Here we investigate the role of the mediodorsal thalamus (MD) in trace fear conditioning. The MD is strongly connected to the PL and emotional systems like the amygdala and brainstem arousal systems, positioning it as a potential node important for integrating information for working emotional memory. In this study, an intersectional viral approach was used to express GCaMP6f or ArchT in PL cells projecting to the MD. Fiber photometric imaging of PL-MD revealed activation of this pathway during threat-predictive cues in trace conditioned rats and potentiated CS-evoked activity at test compared with pre-training CS-alone trials. Additional experiments were performed to test the functional significance of PL-MD activity by optogenetically silencing the pathway during training and to characterize the encoding profiles of MD neurons using in vivo electrophysiology. The outcome of this work will begin to reveal the role of this thalamic nucleus in the acquisition and expression of episodic
fear memories.

One of the most rewarding and unique features of the symposium is that we provide travel awards to domestic and international students to come to UW and learn with us. These scholarships go to students at all levels of their education including: undergraduates, grad students, PhD students, post-doctoral fellows, MD students and residents training in psychiatry.

This year the HealthEmotions Research Institute will support the expenses of 10 or more trainees from the US and around the world to come to Madison and participate in the symposium.
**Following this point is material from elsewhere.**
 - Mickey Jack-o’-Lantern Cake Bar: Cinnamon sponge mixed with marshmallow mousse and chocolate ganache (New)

This is a wonderful opportunity for students at all levels to interact with world class scientists, meet UW-Madison faculty, and forge connections with others conducting research in the broad field of affective neuroscience.
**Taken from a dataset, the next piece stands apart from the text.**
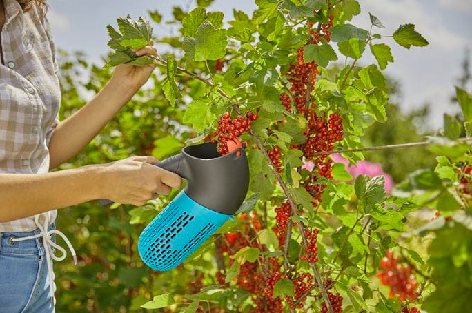 Завдяки практичній ручці для перенесення багатство можна використовувати для збору фруктів безпосередньо з куща. Ідеальний кут роботи забезпечує хороший вигляд зібраних фруктів. Обертаючий кінчик особливо практичний: вузькі зуби використовуються для збору чорничних фруктів і ширше для збору кам'яних фруктів. Ємність 0,8 л робить розпушувач достатньо великим, щоб зібрати більшу кількість слив та вишні. Завдяки маленькому нижньому колонтитулу, на землю можна розмістити машину для малювання фруктів ягід.

The HealthEmotions Research Institute will provide $300 for travel and 2 nights gratis hotel accommodations for 10-15 students to attend the Wisconsin Symposium on Emotion (April 17-18, 2024) and present a poster during the poster session and reception.

The 2024 travel award competition will accept applications Jan 1st through midnight on March 10, 2024. Winners will be announced March 15, 2024 and notified by email.

Eligibility

Undergraduates, graduates, doctorates, post-doctorates, fellows, medical students, and residents are eligible to apply for a travel award.

Application

Please submit your application to healthemotions@wisc.edu in the form of one PDF file that contains the following documents in this exact order:

  1. WSoE 2024 Travel Award Application
  2. Current CV
  3. Abstract for the poster you will be presenting (not to exceed 250 words)
  4. Personal Statement of Research Interest (one page limit)
  5.  Letter of Student Merit
    Please request that your mentor email a support letter that includes a statement of student merit directly to healthemotions@wisc.edu (by March 10, 2024)

This is a competitive award. All application materials are due by midnight on March 10, 2024. Only complete applications will be considered. The entries will be judged by a selection committee of HealthEmotions Research Institute faculty members and the winners will be notified by email on or before March 15, 2024.